Do ponto de vista metodológico, o ponto de vista de Bühler é caracterizado por Vigotski como “antidialético”, porque, para o primeiro autor, “[a] natureza não dá saltos, o desenvolvimento se produz sempre paulatinamente” (p. 165), isto é, na concepção de Bühler, o desenvolvimento é um processo cumulativo, no qual as rupturas e as contradições estão ausentes. E isto, uma vez mais, o impede de compreender “o salto real da biologia à história que se produz no desenvolvimento humano, neste processo que o próprio Bühler denomina devir do homem.” (p. 165).

Page 3: Apresentação da Introdução de Vigotski ao livro de Bühler

Vigotski traça duas consequências desta concepção linear e, de certo modo, reducionista do desenvolvimento humano: 1) aquilo que é próprio e específico de uma criança de uma época e de um meio social determinados é apresentado em termos de um dado “absoluto, universal, necessário, do desenvolvimento” (p. 165), de modo que, p.ex., a “idade dos contos” é tomada, na análise de Bühler, como “categoria natural”, como “uma determinada fase biológica do desenvolvimento” (p. 165); e 2) o enfoque evolutivo da psicologia infantil é deformado, porque a) os critérios biológicos e sociais de determinação das fases e épocas do desenvolvimento da criança estão mesclados e b) a “distribuição real de todo o processo do desenvolvimento nas diferentes idades” (p. 165) também o estão, de modo que o domínio da psicologia infantil, de acordo com a perspectiva de Bühler, se concentre restritamente à criança pequena, especialmente a seus primeiros anos de vida, nos quais “maduram as funções psicológicas básicas e fundamentais” (p. 166), porque, para ele, as etapas mais importantes do desenvolvimento infantil se localizam neste período – e, para Vigotski, a psicologia infantil da época, na qual se insere Bühler, não é capaz de ir além do “estudo embrionário das funções superiores [...], considerando-o como seu único objeto de estudo, ainda que admitindo os seus limites metodológicos” (p. 166). Assim, a psicologia infantil da época se reduz a uma “embriologia da alma humana” (p. 166):

Todas as idades são relegadas à primeira infância1, qualquer função se estuda unicamente neste nível evolutivo. A idade infantil se nos mostra reduzida à zona biologicamente limítrofe entre o modo de pensar do chimpanzé e do homem. (p. 166).

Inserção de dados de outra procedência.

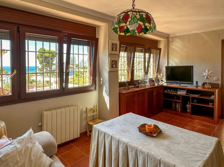 The main house features a thoughtfully laid-out floor plan, including a separate kitchen with ample counter space and storage. The spacious living room is the heart of the home, offering sea views. From here, there’s direct access to a large terrace where you can enjoy sunny days and evenings with Mediterranean vistas.
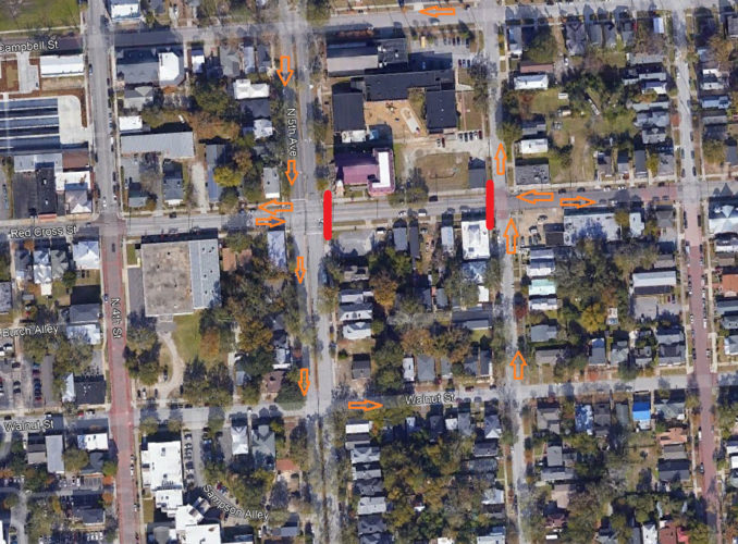 Motorists will be detoured around the closure using Campbell Street or Walnut Street (see the map above). Any area residents needing to get through will be allowed.
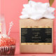 Dieses elegante Produktetikett für Kosmetikflaschen weist einen schwarzen Hintergrund mit einem Imitat aus Goldfolie auf. Dieses Label enthält Platz für Ihren Produktnamen, Firmennamen, Produktgewicht, Inhaltsstoffe, Anweisungen, soziale Medien und Geschäftsadresse.
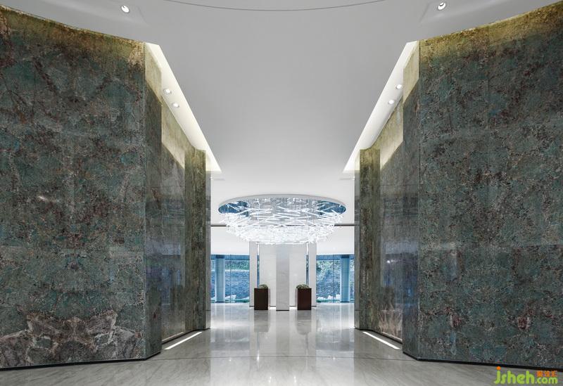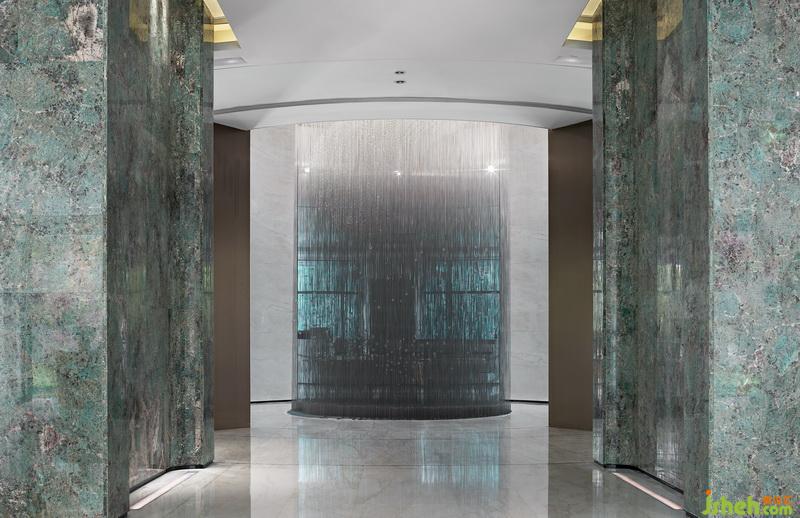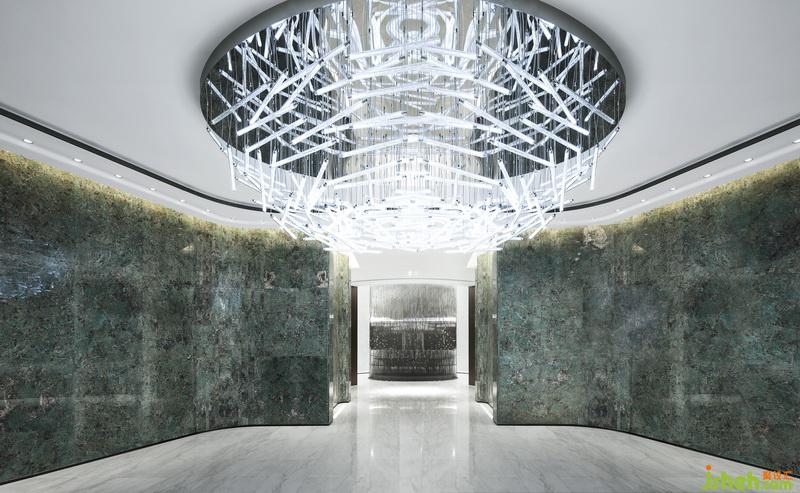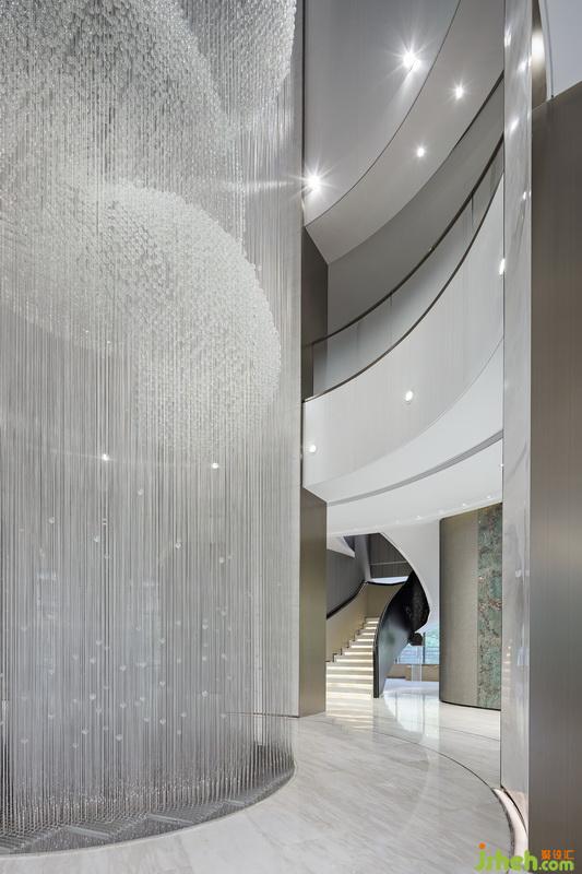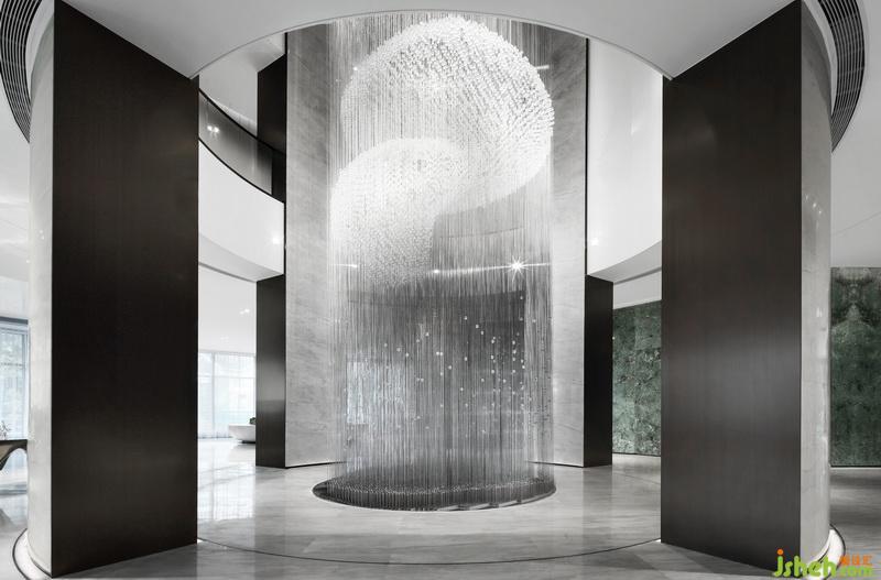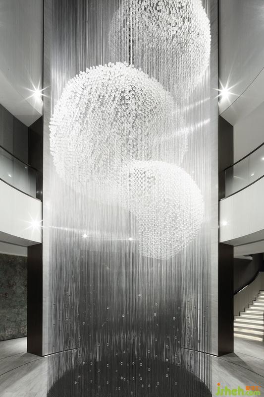 接待大廳的大型藝術(shù)裝置吊飾“銀河秩序”,直徑 3 米高 14 米,由近 7 萬顆光珠精心設(shè)計(jì)排序串聯(lián)而 成。一如白色的海浪、層層的云海、恢弘無邊的璀璨。

O objetivo desta introdução de Vigotski, como ele mesmo enuncia, é o de “oferecer ao estudioso um firme ponto de apoio que lhe sirva para assimilar criticamente o valioso material contido neste ‘Ensaio sobre o desenvolvimento espiritual da criança’ e para refletir de maneira consequente sobre as suas teses e fundamentos” (p. 166).

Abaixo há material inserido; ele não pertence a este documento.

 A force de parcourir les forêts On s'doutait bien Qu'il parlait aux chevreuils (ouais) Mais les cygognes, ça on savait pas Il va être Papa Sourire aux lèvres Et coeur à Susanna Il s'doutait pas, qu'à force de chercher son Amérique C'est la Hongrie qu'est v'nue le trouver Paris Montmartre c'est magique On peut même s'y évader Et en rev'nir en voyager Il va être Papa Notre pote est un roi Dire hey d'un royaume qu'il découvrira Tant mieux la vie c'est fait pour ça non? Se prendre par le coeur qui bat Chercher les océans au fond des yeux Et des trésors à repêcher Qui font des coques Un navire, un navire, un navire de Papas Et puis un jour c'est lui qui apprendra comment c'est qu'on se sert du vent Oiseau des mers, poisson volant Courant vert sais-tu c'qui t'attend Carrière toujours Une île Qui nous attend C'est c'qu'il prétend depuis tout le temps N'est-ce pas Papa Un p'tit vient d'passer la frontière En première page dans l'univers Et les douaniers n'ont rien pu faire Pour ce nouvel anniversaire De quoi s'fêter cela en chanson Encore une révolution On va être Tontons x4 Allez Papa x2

Para finalizar esta apresentação, é preciso dizer que os pontos colocados nesta primeira seção da introdução de Vigotski ao livro de Bühler serão desenvolvidos em seu decorrer e mais bem esmiuçados tomando como contraponto os princípios teóricos da psicologia de Vigotski. Se lermos o último parágrafo do texto, apenas por curiosidade, teremos uma ideia de seu percurso:

Começamos assinalando que o principal erro metodológico no conjunto da teoria de Bühler consiste em não distinguir os fatores sociais dos fatores biológicos no desenvolvimento psicológico da criança e concluímos a nossa análise crítica de sua obra no mesmo ponto. Evidentemente, este é o alfa e o ômega de seu “Ensaio”. (p. 176).

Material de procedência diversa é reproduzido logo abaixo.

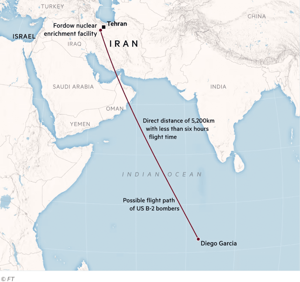 Трамп заявил, что потенциально может использовать совместную базу США и Великобритании на Диего-Гарсия — примерно в 5200 км от Тегерана — для запуска атак, однако Лондон, как было обозначено, относится к этому без энтузиазма.

Com isto, espero que esta apresentação sirva menos como um guia do que como um mapa que indica por onde começar e o que esperar da jornada pelo texto.

1 No texto em espanhol, “a la infância temprana y la primera infancia”. Em português, não há uma distinção semântica como esta: a primeira é uma idade infantil mais originária do que a segunda.